Operations: How will we hold ourselves (CS Management) accountable to these customers in need?
Let’s dive in.
Risk Analytics
“If you can’t measure it, you can’t improve it”
Arguably one of the better quotes in business by Peter Drucker applies to our Risk Management Framework. It’s great to have the Risk Types, the Risk Arcs, the leading metrics, and the descriptions for your customer risk types so your CSMs know how to qualify risk. The next phase of maturity is building the tracking to quantifiably measure the following metrics:
# of customers at-risk (In total + broken down by risk type)

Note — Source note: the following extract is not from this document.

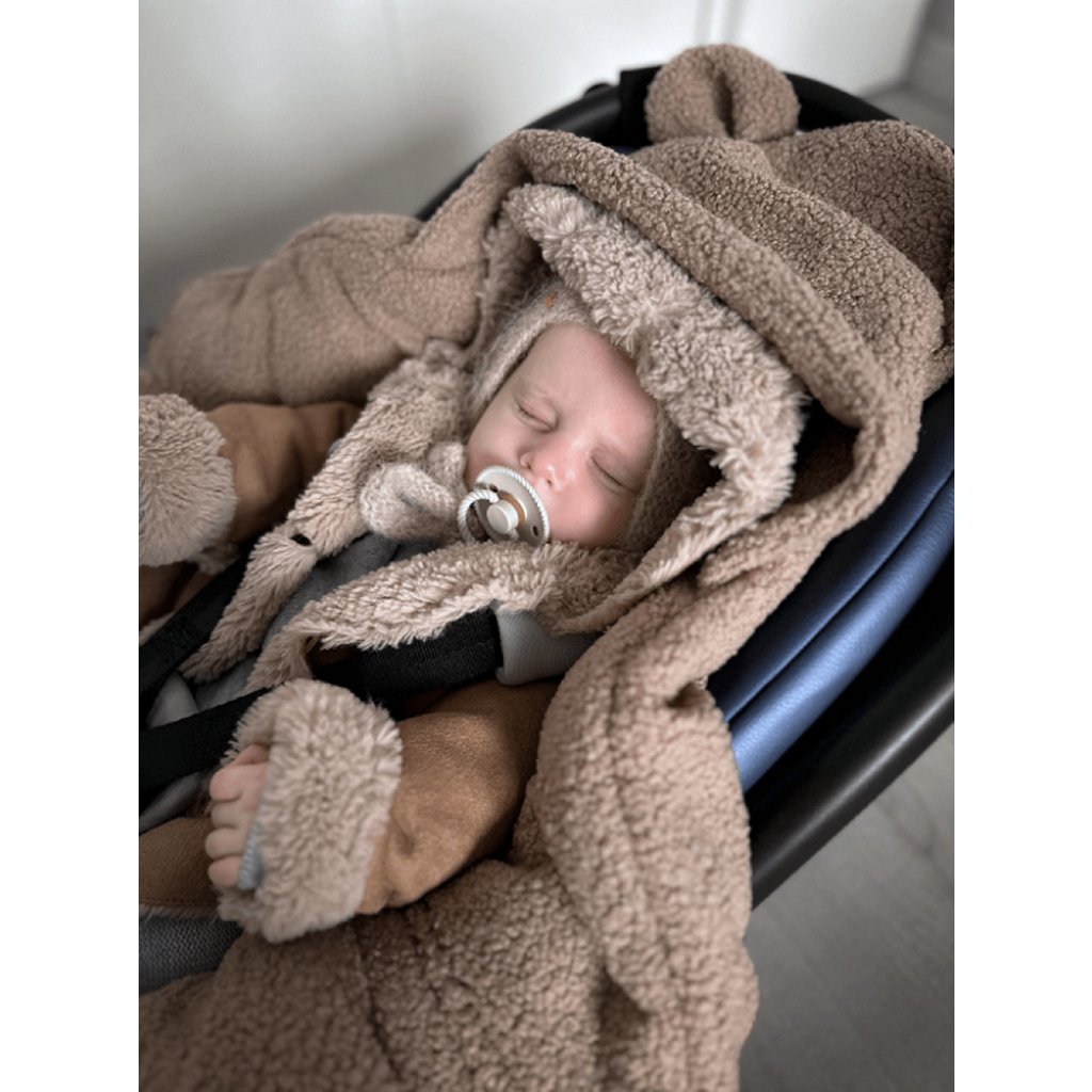 Zavinovačka do autosedačky Teddy hnedá - Hrejivá ochrana s roztomilými uškami pre vaše bábätko

ARR at-risk (In total + broken down by risk type)
% of customers at-risk
% of ARR at-risk
Avg. days customer is “in risk”
There are a number of platforms out there that have the ability to measure these metrics (CRM, CS Platform, BI/Analytics Platform). Building dashboards to measure your at-risk customers allows your team to measure the impact they’re having after flagging a customer that’s at-risk. Focus on building your analytics strategy either within your CS Ops/Analytics team, or your central data team. This is step one in driving action and operations towards mitigating risk. Again, you can’t improve what you can’t measure.
Risk Playbooks
The Customer Success Playbook is the sports analogy-based workflows, processes, interventions, etc. – called “plays” – to run with the customers when something happens. - Lincoln Murphy
The concept of playbooks stems from sports where teams run plays after noticing a behavior from their opponent. For Customer Success, this means providing your team with a “play” when they run into a customer in one of your risk types. After building your Risk Management Framework, it’s up to you and your team to build the common play each CSM should run when approached with a customer that exhibits a certain type of risk, say, Relationship. If your key champion leaves their role, your playbook might answer the following questions:
What is the intended outcome of this playbook?
What are the questions the CSM needs to ask both internally and to the customer?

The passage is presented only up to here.